Partnership-based model leads to “wrap-around” consulting
In Thompson’s view, many of these inefficiencies would be mitigated by the research entity becoming a partner in a client’s strategic and tactical research objectives. Using this partnership or “wraparound” business model streamlines the research process because a pharma company can work with a single research entity for all of its research needs.
“Both parties can examine the portfolio of products and where they are in development and then help to shape both the short-term and the long-range plans and research goals,” he said. “Together, we can develop a strategic plan and determine what pharmacoeconomic [PE] and outcomes studies companies should do to maximize product launch, support market access and foster favorable reimbursement.”

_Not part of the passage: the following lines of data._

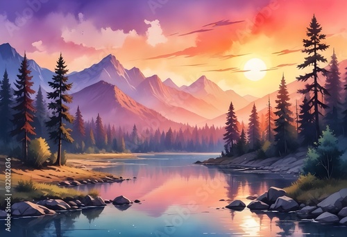 Piękny krajobraz zachodzącego słońca nad rzeką z widokiem na góry i zachodzące słońce. ilustracja jako obraz na ścianę lub okładka książki oraz do innych projektów. Cudowny efekt farb wodnych
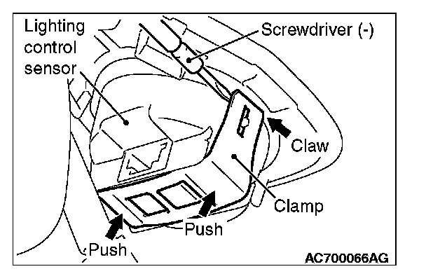 While pushing the clamp to the windshield side, pry up the clamp to disengage the right and left claws using the screwdriver (-), and then remove the lighting control sensor.
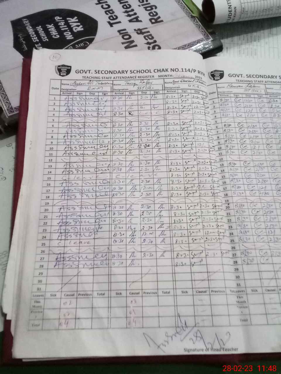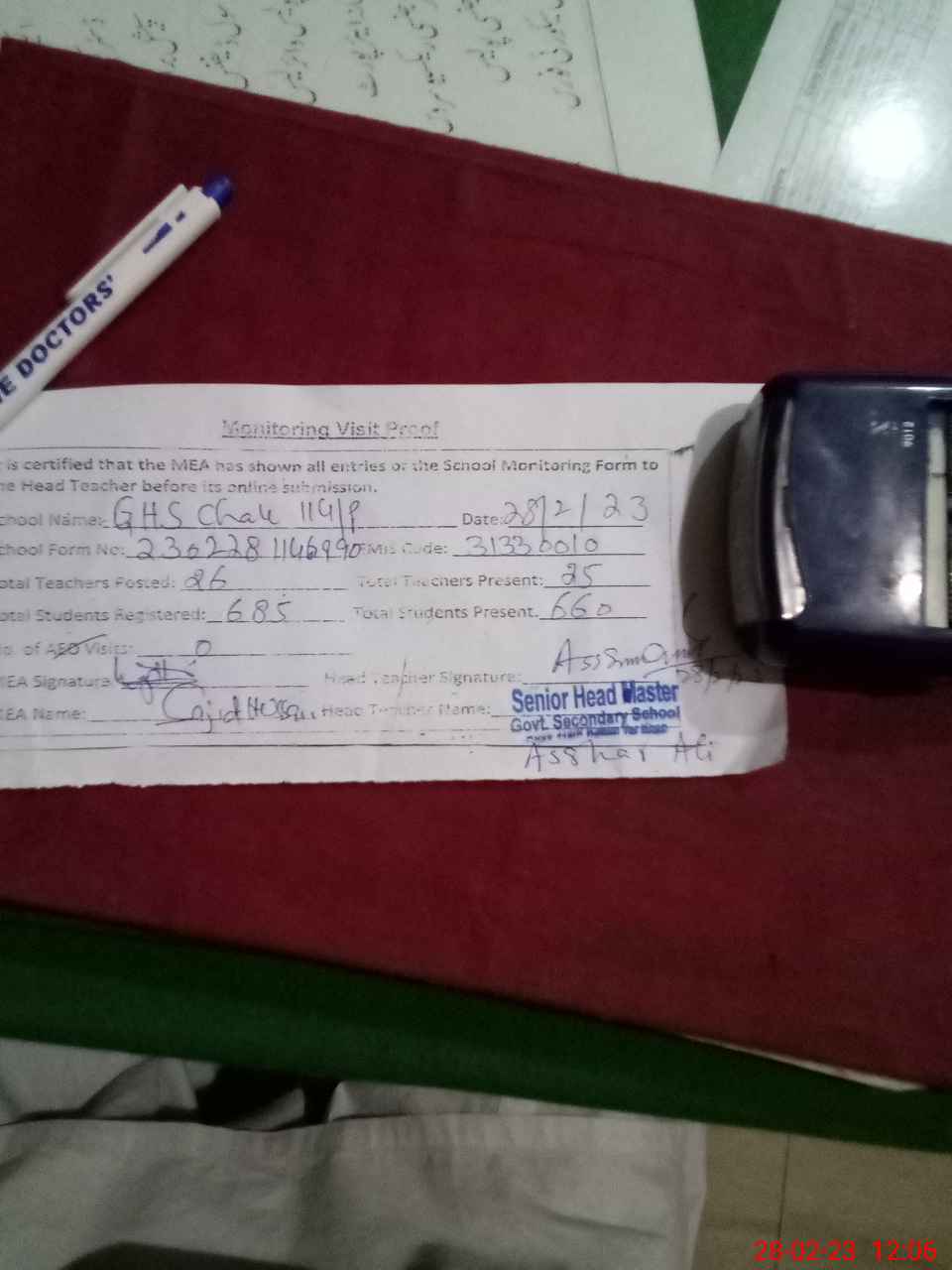 | Attendance Register | Head Teacher | MEA with School | Visit Proof |
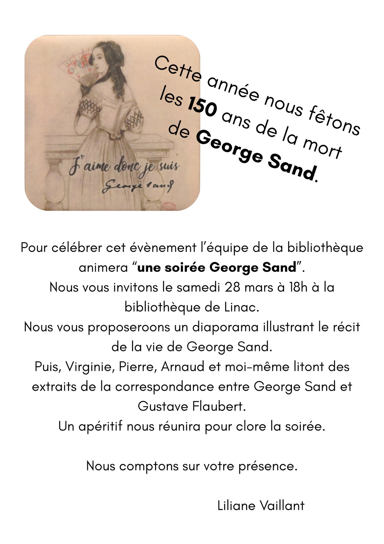 La bibliothèque de Linac organise une "Soirée George Sand"
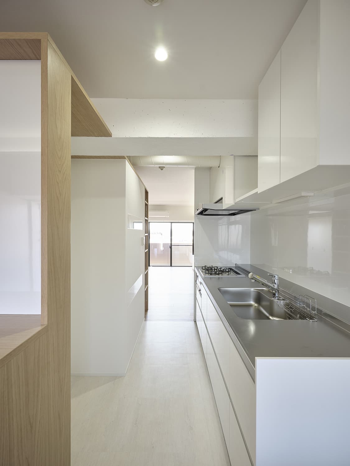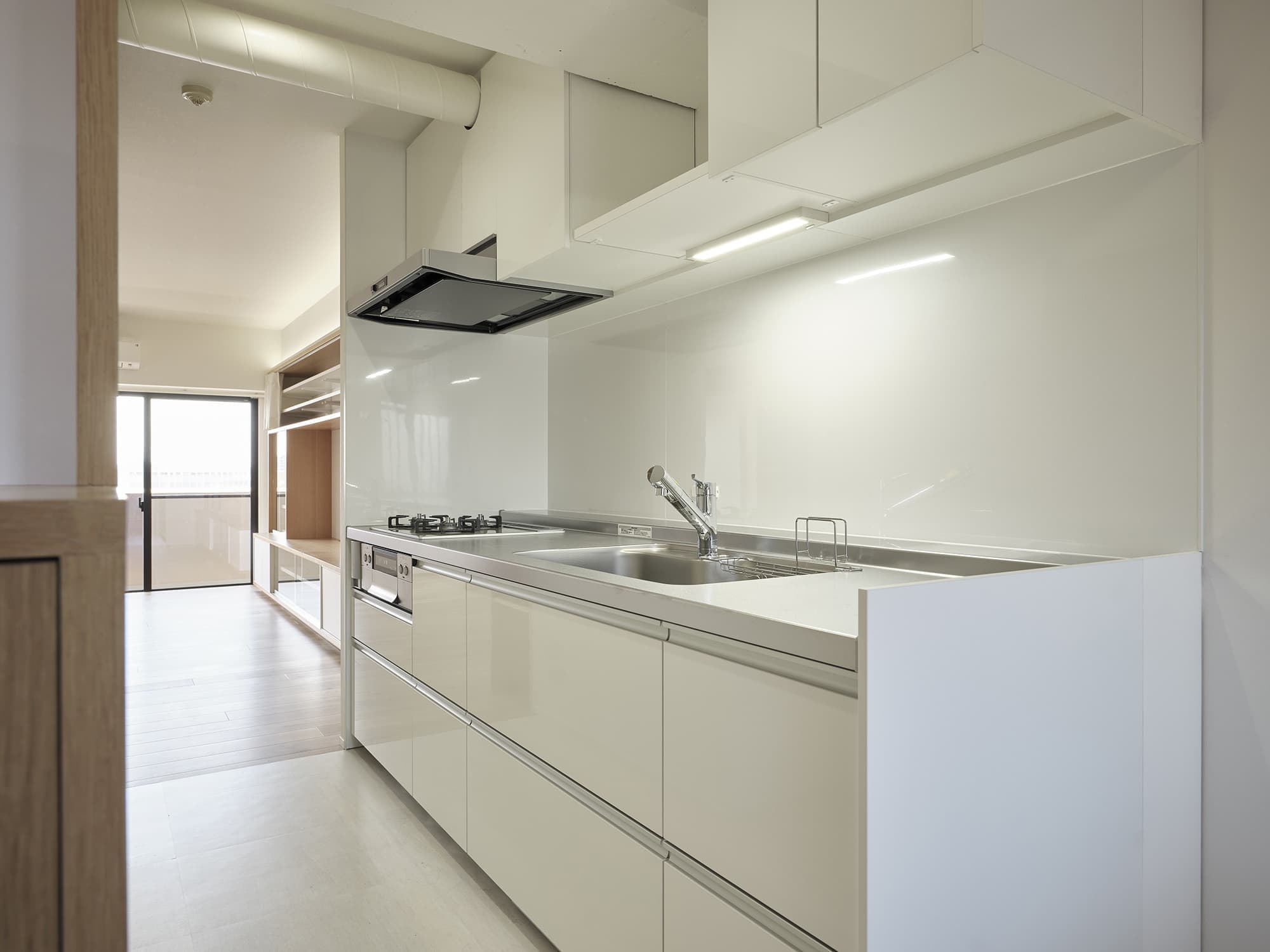 キッチンはステンレス天板でシンプルな形状のものを選定しています。キッチンの背面壁の一部にマグネットパネルを設置し、エプロンなどを掛けることができるよう計画しています。

i3 Innovus designed this wraparound model to empower its staff members to serve as long-term and strategic partners to pharmaceutical companies for all of their outsourced research. Under this model, companies benefit from more cohesive development of the elements of a product evidence dossier, which yields better information in a more timely and cost-efficient way.
This concept took hold at i3 Innovus as the firm expanded its operations and its workforce, which now includes more than 200 employees globally. Crown, who developed the wraparound model, saw that i3, due to its size, level of expertise and experience in the field not only could deliver more effective PE and outcomes data at a lower overall cost, but it also would help pharmaceutical companies manage a growing problem: insufficient internal resources.
“As turnover in the health economics research field increases, many researchers working within biopharmaceutical companies are relatively young and inexperienced, and continuity in strategy is lost,” Crown said. Further, “cost-reduction efforts are forcing many companies to outsource portions of their research activities that historically would have been performed by internal staff,” he indicated.
For example, a major pharmaceutical company reported in August that it was transferring the majority of its U.S. clinical data management work to i3 StatProbe, a move that would result in the hiring of approximately 120 additional i3 StatProbe specialists.
Innovus identifies need for a better way
This increasing need for outsourced research certainly has helped drive the marketplace’s openness toward a more engaged health economics research partner. “In this economy, it is difficult to both manage head count and to hire. The i3 Innovus solution – which offers consultancy, expertise, the people to conduct the research, and a vision for incorporating all of the pieces of data into an overall plan – alleviates the burden for an overwhelmed, understaffed health economics unit within a pharmaceuticals company,” Thompson said.
i3 Innovus’ relationships with data technology innovator Ingenix and UnitedHealthCare, as well as its global acquisition of various health economics entities, put the company in a unique position to assume the partner role as a sole-source collaborator, according to Crown.
“I strongly believe that no other company in the industry has i3 Innovus' depth of scientific expertise, experience, global reach, and access to data,” he said. “Because of these characteristics, i3 Innovus is the perfect strategic partner for the industry’s health economics research.”
“I’m really excited to have the opportunity to work with Bill and our clients to implement and refine this new paradigm, Thompson added. In the 20 years I’ve been in this business, this is first time I’ve seen us have the chance to dramatically change the way we do things for the benefit of our clients and of ourselves. It’s a true ‘win-win’ scenario.”